まだ見ぬ小さな赤ちゃんが、悠人の厳しいお説教をぽかんとした顔で聞いている姿が目に浮かんだ。

すると悠人は、おむろに一冊の絵本を取り出すと、表紙を開いて読み始めた。

冗談ではなく、本気だったのだ。彼はまだ米粒ほどの大きさしかないお腹の赤ちゃんに、本当に読み聞かせをするつもりらしい。

智美はふかふかの枕にもたれかかり、悠人の低く優しい声が紡ぐ物語に、静かに耳を傾けた。

心地よい声の響きに包まれ、気づけばうとうとと微睡みの淵へと引き込まれていった。

二話ほど読み終えて悠人が顔を上げると、智美はもうすっかり安心しきった顔で眠りに落ちていた。

彼は愛おしそうに微笑み、音を立てないようにそっと本を閉じると、彼女の姿勢を楽に整え、毛布を肩までかけた。

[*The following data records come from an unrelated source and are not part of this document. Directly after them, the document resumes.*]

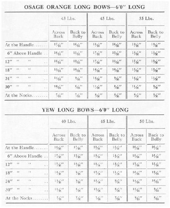 Bear in mind that the figures were taken from finished bows, but that is no guarantee that if you follow them your bow will weigh the same. If you wish a 45 pound bow follow the measurements for the next higher weight given, and then you may scrape your bow down a bit if it results in too strong a bow. You can always take off wood, but you can't put it back on.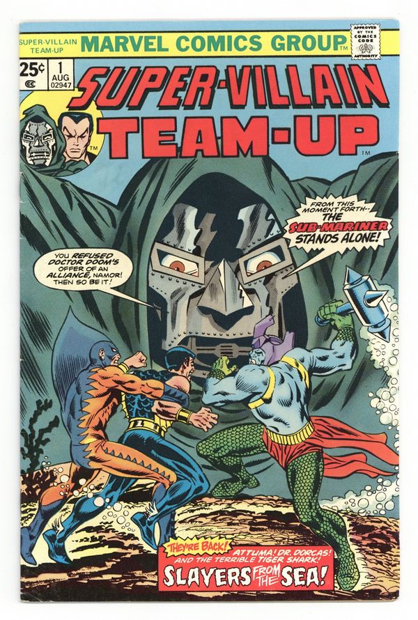 "Slayers from the Sea!" Script by Tony Isabella. Pencils by George Tuska and Bill Everett (chapter 1) and George Evans (chapter 2). Inks by Fred Kida (chapter 1) and Frank Springer (chapter 2). Cover by Ron Wilson and Frank Giacoia. Story continues from Giant-Size Super-Villain Team-Up 2. The Sub-Mariner leaves Latveria after having second thoughts about forming an alliance with Doctor Doom. Following Prince Namor's departure, the Latverian monarch realizes that he does in fact need help for his various plans of conquest and decides to reach out to the Prince of Atlantis. Meanwhile, the Sub-Mariner visits Hydro-base and is ambushed by a trio of villains: Tiger Shark, Doctor Dorcas, and Attuma! A super slugfest erupts on land and under the sea! Will the Avenging Son prevail? Flashback cameo appearances by the Fantastic Four, Daredevil, Quicksilver, Spider-Man, Thor, and the Hulk to recap Doctor Doom's previous battles through the years. (Notes: This issue features Bill Everett's last published artwork on the Sub-Mariner, the character he created in the golden age. This issue also contains a full-page ad for Hostess Twinkies featuring Captain Marvel vs. Nitro.) Cover price $0.25.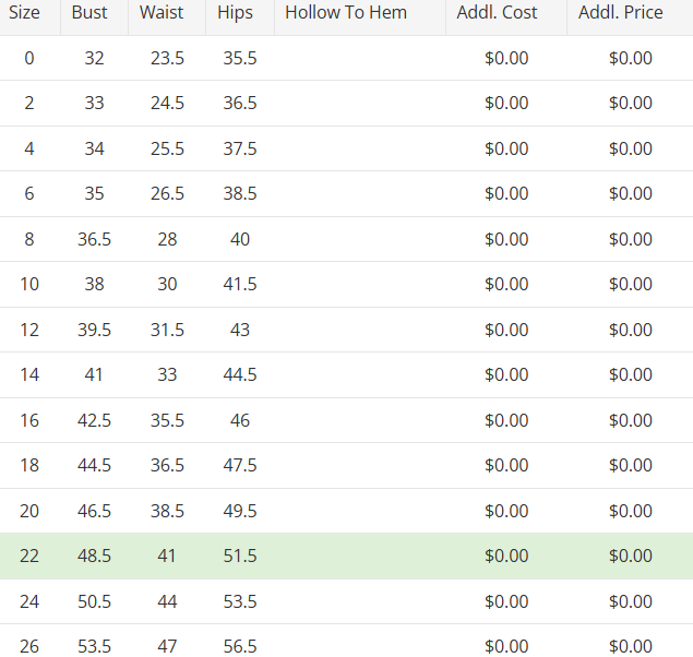 - Each of our gowns follow a gown specific standard bridal size chart

それから智美の腰にそっと腕を回し、その温もりを感じながら静かに横になった。

以前、竜也が「毎晩、愛する妻と一緒に眠れることがどれほど幸せか」と、会うたびにのろけていた。あんなに大事な人と離れ離れになってまで、仕事に命を懸けるやつの気がしれない、と。